Marguerite de Valois (Margot) is a willfully indulgent young royal; beautiful, fashionable, and not-so-secretly promiscuous. She’ll go through with the marriage for God and country, reluctantly, but she has no intention of consummating it with a man she derisively sees as a King of goatherders. But once the treachery starts hitting the fan, Margot tries to play both sides – preserving Henri from outright betrayal while still remaining loyal to her brother, the King. This is seen as moral weakness, and a failure of loyalty, by her current lover, Guise (Miguel Bosé), and, faced with the intolerable prospect of an empty bed, she goes trolling through the streets in disguise for a likely suitor. And she finds a superb one – La Môle (a smoldering Vincent Perez). Unbeknownst to her, La Môle is a loyal Huguenot insurgent whose father was a great friend of Coligny’s. Knocking one off in the alley just a few feet from the crowded street, with her resourceful attendant Henriette de Nevers (Dominique Blanc; superb support in a tiny role) standing guard, Margot is had and had well, in, for both, unforgettable fashion. When the massacre starts, and La Môle is fiercely engaged with the relentless Catholic mercenary Coconnas (Claudio Amendola), he finds Margot’s chambers; she takes him in and sees that his copious wounds are tended to. Having recuperated over a day or so, he leaves the house, finds Coconnas, and they beat hell out of each other again. Taken for dead in a roundup of bodies en route to a mass grave, they are both discovered to be still alive by the court hangman (doing gravedigger duty as well), spared from the pit, and La Môle is nursed back to health by the hangman himself.
And so the film continues, an expertly orchestrated pageant of rise and fall, doom and redemption, enemy and new friend, sacrifice and betrayal, with an insistent barrage of conspiracies, partisan treachery, double-crosses, skewerings, throat slashings, poisonings and carnal couplings, all historically credible, all superbly acted, all thrillingly staged, shot, scored and edited.
This film, Michael Caton-Jones superb Rob Roy (1995), and Julie Taymor’s bleak and astonishing Titus (1999) are among my favorite historical epic potboilers.
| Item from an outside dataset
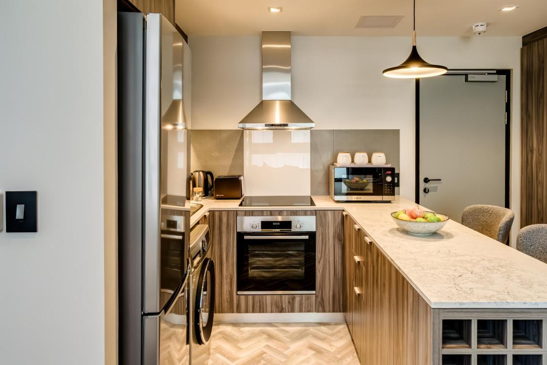 The well-appointed kitchen features an electric hob, Nespresso machine, and a washer/dryer combo, while the breakfast bar offers a perfect spot for two. The open-plan living and dining areas provide seating for three and a TV, ensuring a comfortable space to relax.

I recommend this film unreservedly, and only wish I could have alerted you to its earlier Siskel screenings sooner (though no one should have sat inside this weekend, I must admit). The DVD is available on Netflix (not streaming), and it shows up elsewhere from time to time. But see this film as big as you can as often as you can. It’s Patrice Chereau’s film masterpiece (the late Chereau also had an impressively vibrant theater and opera oeuvre as well), the last, and maybe best, of the non-CGI historical epics of the 20th century.